First, I disagree that a contextual request is the right answer for this situation. I'm suggesting that a user is on the Yelp page for the pizza shop and then browses away from Yelp to other sites. That is, the user has expressed some interest, and the shop is interested in enticing the user back to convert (classic retargeting). If the user browses away to a publisher that is not about pizza, then a contextual request is not sufficient: there isn't any particular reason to believe a raw contextual request coming from nytimes.com should be responded to with an ad for a small pizza joint.

The other miscommunication is the use of word "time-sensitive." It seems to me like you're referring to ad flights, whereas the TERN doc is trying to communicate an issue with TURTLEDOVE, which suggests waiting 4 hours before issuing an interest group request to receive a set of ad web bundles. In the case of having looked at a pizza shop's page, 4 hours may be too long to advertise back to the user; they may have already ordered from somewhere else. As for ad flights, TERN has a simple mechanism to support this, described below. TURTLEDOVE is more ambiguous.
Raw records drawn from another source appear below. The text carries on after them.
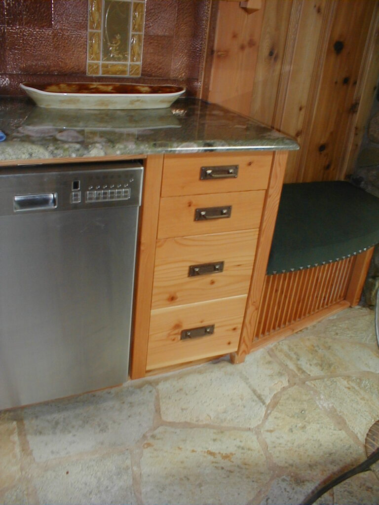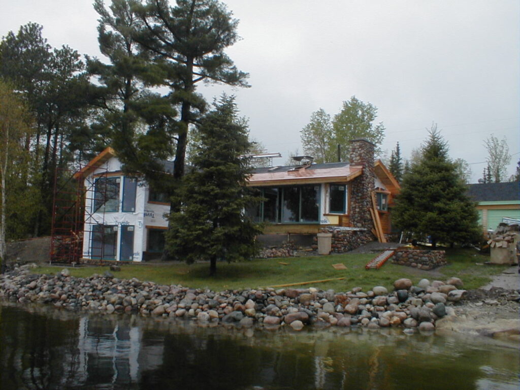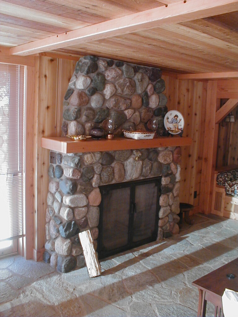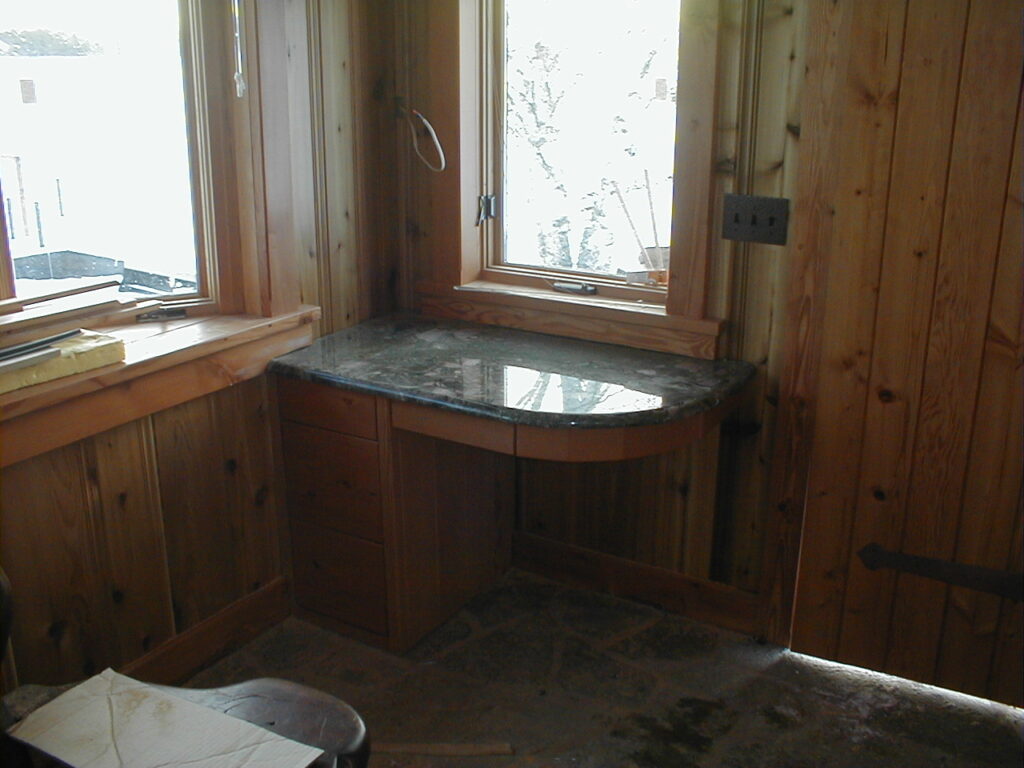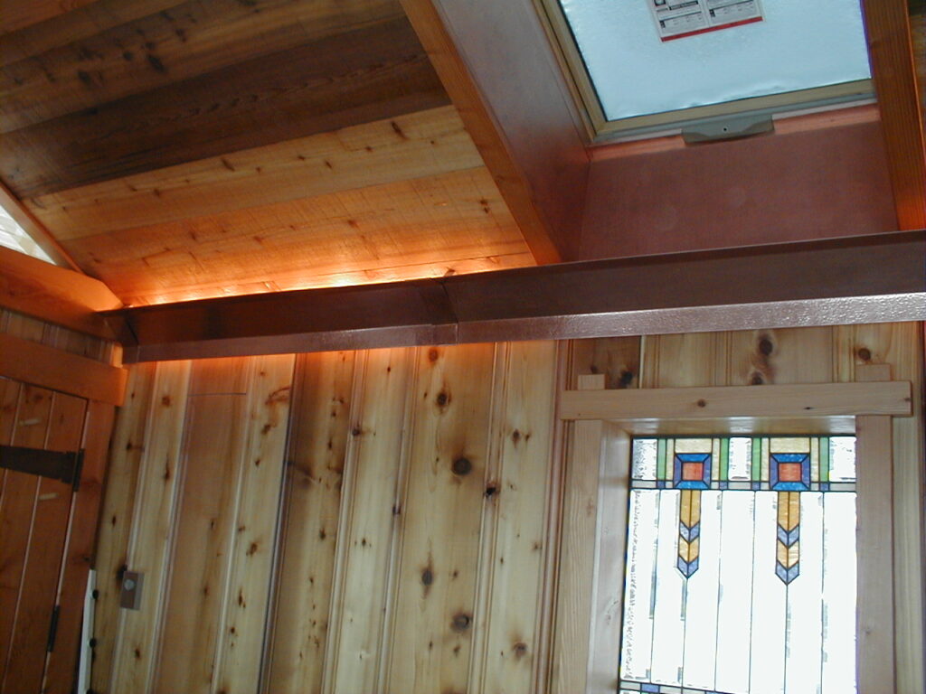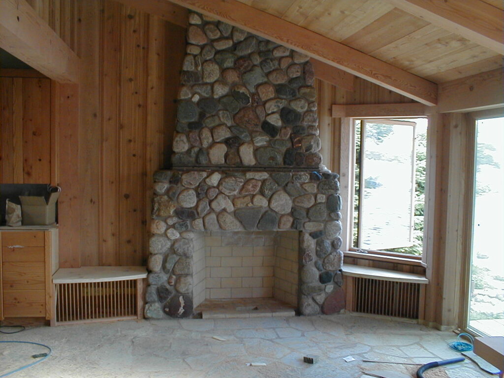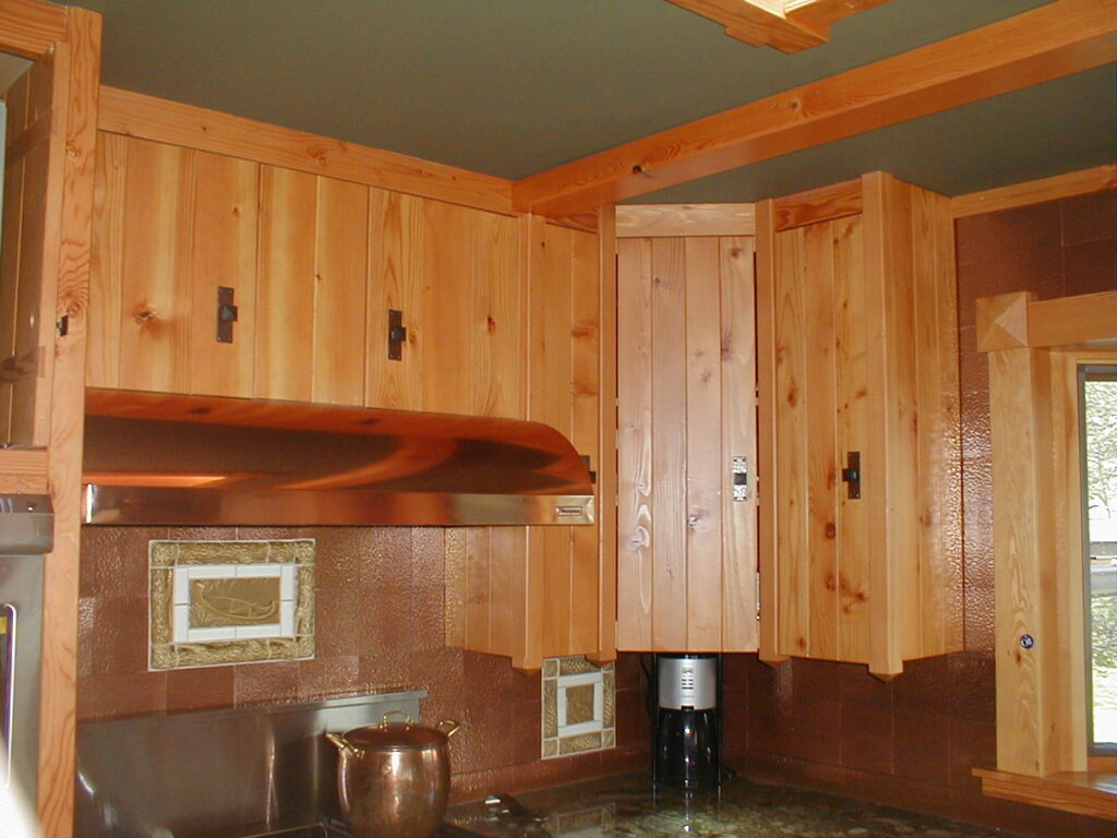 Here are some pictures of the interior of the finished project. There was a lot of custom copper work and milling of custom paneling and Douglas fir beams. Stone floors, granite countertops. Stone siding and fireplaces and custom built Doug fir and quarter sawn white oak cabinets.
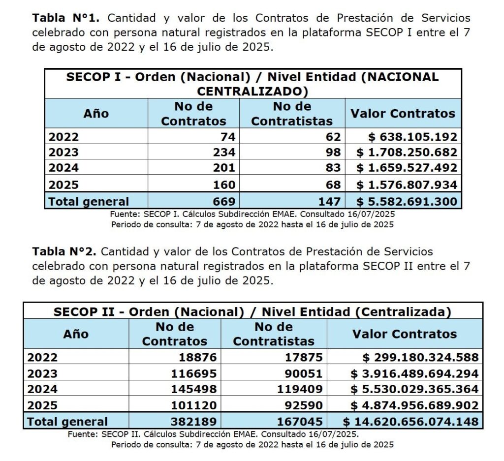 Entre el 7 de agosto de 2022 y el 16 de julio de 2025, el gobierno de Gustavo Petro ha suscrito contratos de prestación de servicios con personas naturales por cifras históricas, según información oficial del Sistema Electrónico de Contratación Pública (SECOP). En el nivel nacional centralizado, se registraron 669 contratos en SECOP I por $5.000 millones y 382.189 contratos en SECOP II por $14,62 billones, vinculando a más de 167.000 contratistas. Este fenómeno refleja un uso masivo de órdenes de prestación de servicios (OPS), lo cual suscita debates sobre la responsabilidad fiscal, eficiencia y legalidad dentro de la actual crisis que vive el país.
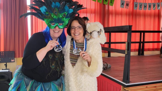 Endlich war es auch an unserer Schule Zeit für Karneval. Die Klassen und Flure wurden geschmückt, Kostüme genäht, gebastelt und verziert. Pünktlich zu Schulbeginn versammelten sich alle Kinder und Lehrerinnen in den Klassen. Erst wurden die Kostüme präsentiert, dann wurde gespielt und das reichhaltige Buffet geplündert. Nach der Pause kam die KLAKAG zu Besuch und unsere SchülerInnen konnten die tänzerischen Leistungen bestaunen. Der Höhepunkt war an beiden Standorten sicherlich die Kostümprämierung. Hier ein paar Ausschnitte aus unserem bunten Vormittag. Sicherlich kommen in den folgenden Tagen noch Beiträge der einzelnen Klassen hinzu.

As for creative review, we have a PR out that overhauls it: https://github.com/WICG/turtledove/pull/74 . This is not particularly different from how creative review operates today, other than a browser signing check. I think it's a bit of a misnomer to suggest that DSPs are placing bids directly in the browser (though that is certainly possible). TERN takes the position that contextual information is necessary to bidding healthily. As such, when ads are written, there's more of a partial prediction that is written along with the advertisement data, which is later combined with another partial prediction that would run through the SSP. In a very real way, TERN still solicits bids through SSPs.

Yes, TERN explicitly rejects the OBTD use of a third-party server to track ghost wins. It's not about the size of the IG up front, but it does specify:

If the number of unique users who saw the ad is higher than k, publicly declare the creative as validated.

In some ways, this is worse. There's a minimum size per creative than per IG. As explained in TERN, it's important for us to minimize the delay between being on the advertiser's site and being able to deliver a creative as much as possible.


Let's discuss how to do ad flights in TERN. I will probably add this as part of the FAQ.

When writing the advertisement data object (as described in Section 1), the DSP can use the privateData object to specify fields:

privateData = { 'start-time': t0, 'end-time': t1 }

Then, in the generate_bid function described in Section 5, logic can be implemented thusly:

function generate_bid(adSignals, publisherSignals, browserSignals) {
  t = browserSignals.currentTime // maybe this could be grabbed elsewhere, not super important
  t0 = adSignals.privateData['start-time']
  t1 = adSignals.privateData['end-time']
  if t < t0 or t1 < t:
    return 0
  // proceed with other bidding logic past this point
}

This will ensure that the ad will not be displayed outside of its intended flight.